21 dead as Philippines forces storm prison to end militant revolt
(AFP)
15 March 2005
MANILA - Twenty-one prisoners including three top leaders of an Al Qaeda-linked group were killed on Tuesday when Philippines police stormed a maximum security prison to end a day-old revolt, officials said.
Around 300 heavily armed special forces firing tear gas and automatic rifles took part in the operation at Camp Bagong Diwa jail southeast of Manila, where three prison guards and two inmates were killed in a jailbreak attempt on Monday.
Manila police chief Avelino Razon said three leaders of the Abu Sayyaf kidnap group -- Galib Andang, alias Commander Robot, Alhamser Limbong, alias Commander Kosovo, and Nadjmi Sabdulla, alias Commander Global had been killed.
Andang had been involved in the kidnap of western tourists from Sipadan island in Malaysia in 2000, while Limbong faced trial for the bombing of a ferry in Manila last year that left over 100 people dead.
Abdulgani Hussein, who led the prisoners in failed negotiations with the authorities on Monday, and 17 unidentified others were also killed, Razon said, adding that police recovered eight firearms from cells used by the Abu Sayyaf.
Six policemen were wounded in the assault, he said, adding that authorities were still clearing the jail.
Gunshots were heard around midday, an hour after the assault was completed, when police flushed out an Abu Sayyaf suspect from a prison toilet, Razon said.
President Gloria Arroyo’s press secretary, Ignacio Bunye: “Thank God it is over ... the terrorists got what was coming to them.
“The crisis team gave them all the chances to peacefully surrender.
“A full scale investigation will be conducted to pinpoint responsibility and to see that similar incidents are not repeated,” Bunye said in a statement.
The prison houses most of the suspects believed responsible for the worst attacks by armed Islamic extremists in the Philippines.
Arroyo earlier congratulated the police and lamented that there were fatalities which Interior Secretary Angelo Reyes said “could not be avoided”.
Police wearing gas masks and helmets started storming the four-storey building and retaking it cell by cell and floor by floor at 9:15 am (0115 GMT).
For about an hour heavy automatic rifle fire could be heard coming from the prison bloc holding 471 prisoners, a third of them Abu Sayyaf suspects, as thick clouds of teargas billowed from windows.
Reyes, said the operation had been carried out in an “exemplary” manner but expressed “regret” at the casualty count.
“I hope this delivers a strong message that anybody who tries to do something like this in the future will be dealt with in the same fashion,” Reyes said.

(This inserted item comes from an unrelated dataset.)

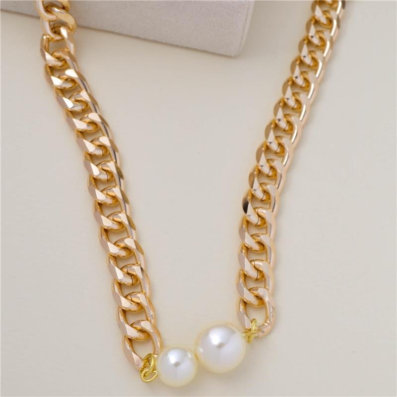 Colar choker corrente grumet 9mm com pérolas 10mm e 12mm. Produto no bruto.Produtos no bruto não passaram pelo processo de galvanoplastia, o banho. Falta em sua superfície a camada de metais preciosos como ouro, prata e ródio.

“They tried to escape. They killed three of our guards and wounded two others,” Reyes said, adding “there will be a thorough investigation” into the incident.
Asked why Andang was shot when he had already lost a leg during his capture in 2001, national police spokesman Leopoldo Bataoil said: “You don’t use your legs to fire a gun.”
The prison uprising brought a bloody end to Andang, a former separatist Muslim guerrilla in his late 30s who allegedly led an Abu Sayyaf kidnapping raid of the Malaysian resort of Sipadan in April 2000.